The attached code is described in the paper "Floating-Point Data Compression at 75 Gb/s on a GPU", available from the ACM (http://dl.acm.org/citation.cfm?doid=1964179.1964189) or at http://www.cs.txstate.edu/~mb92/papers/gpgpu11.pdf.

For up-to-date code, compilation instructions and command-line examples, please refer to: http://www.cs.txstate.edu/~burtscher/research/GFC/

GFC is a GPU-based compressor/decompressor written in CUDA C for binary IEEE 754 64-bit double-precision floating-point data. Two versions are provided: v1 is targeted for compute capability 1.x devices and v2 for devices of compute capability 2.x.
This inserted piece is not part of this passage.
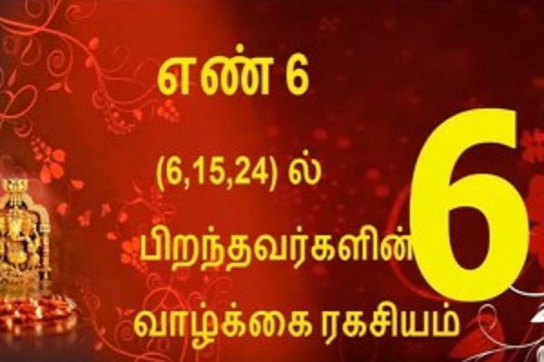 மனிதர்கள் அறுசுவை உணவு என ஆறு வகையான சுவைகளை உண்ணுகிறார்கள். சுவையையும் உணர்கிறார்கள். ஆறு வகையான சாஸ்திரங்களும் உள்ளன. முருகப்பெருமானின் ஆறுமுகங்களும் ஆறு வகையான தத்துவங்களை சூட்சும முறையில் உணர்த்துகின்றன. அதுபோல 6 என்ற எண்ணும் மனித வாழ்வில் சிறந்த முறையில் செல்வாக்கினை பெற்றதாக திகழ்கிறது. 6,15,24 ஆகிய எண்களில் பிறந்தவர்கள் 6ம் எண்ணின் ஆதிக்கத்திற்குரியவர்கள். 6ம் எண்ணுக்குரிய கிரகம் சுக்கிரனாவார். சுக்கிரனை வெள்ளி என்றும் அழைப்பார்கள். வாரத்தில் 6ம் நாளாக வெள்ளிக்கிழமை வரும். வெள்ளிக்கிழமை வாரத்தின் சிறந்த நாளாக கருதப்படுகிறது. 6ம் எண்ணுக்குரிய ஆங்கில எழுத்துக்கள் ஹி.க்ஷி.கீ ஆகியவைகள் ஆகும்.
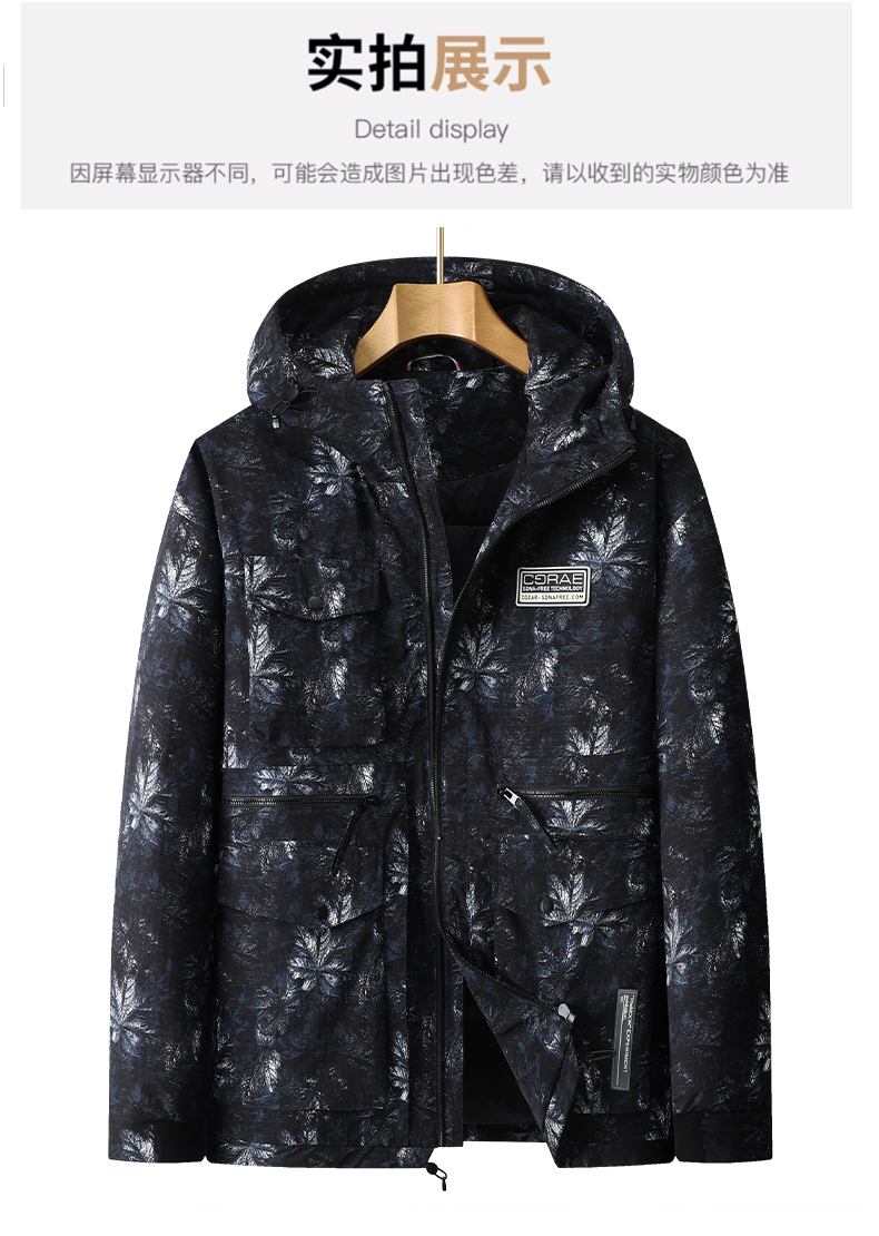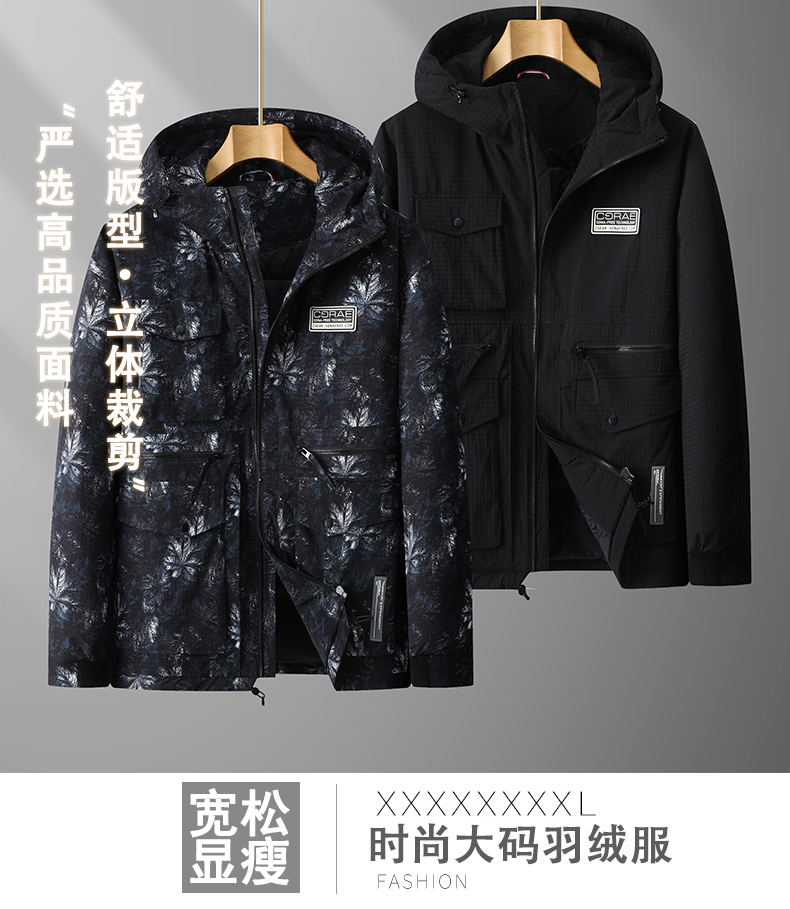 【特大码】【新款DPX】大依优型大码潮款迷彩工装连帽羽绒服鸭绒外套休闲胖子大码男休闲宽松加肥加大上衣

Sample little-endian datasets are available at: http://www.csl.cornell.edu/~burtscher/research/FPC/datasets.html

The executable accepts 3 arguments in compress mode: x, y, and z. It compresses/decompresses the data set using x blocks and y warps/block, as well as an optional z parameter, which specifies the dimensionality of the data set (and which defaults, when not specified, to z=1). Decompression requires no arguments.

Data is compressed/decompressed from standard input and written to standard output. For best performance, x*y is recommended to be the maximum number of warps resident on the target GPU.

Important: The provided code is not meant to be used as is. (While it should work correctly, it is slow due to sequential data transfers.) Rather, it is meant as an example of how to call the parallel compression and decompression routines from your own code.

Note that the raw data file has to be a multiple of 8 bytes long and should contain nothing but binary double-precision values. Only little-endian systems are currently supported.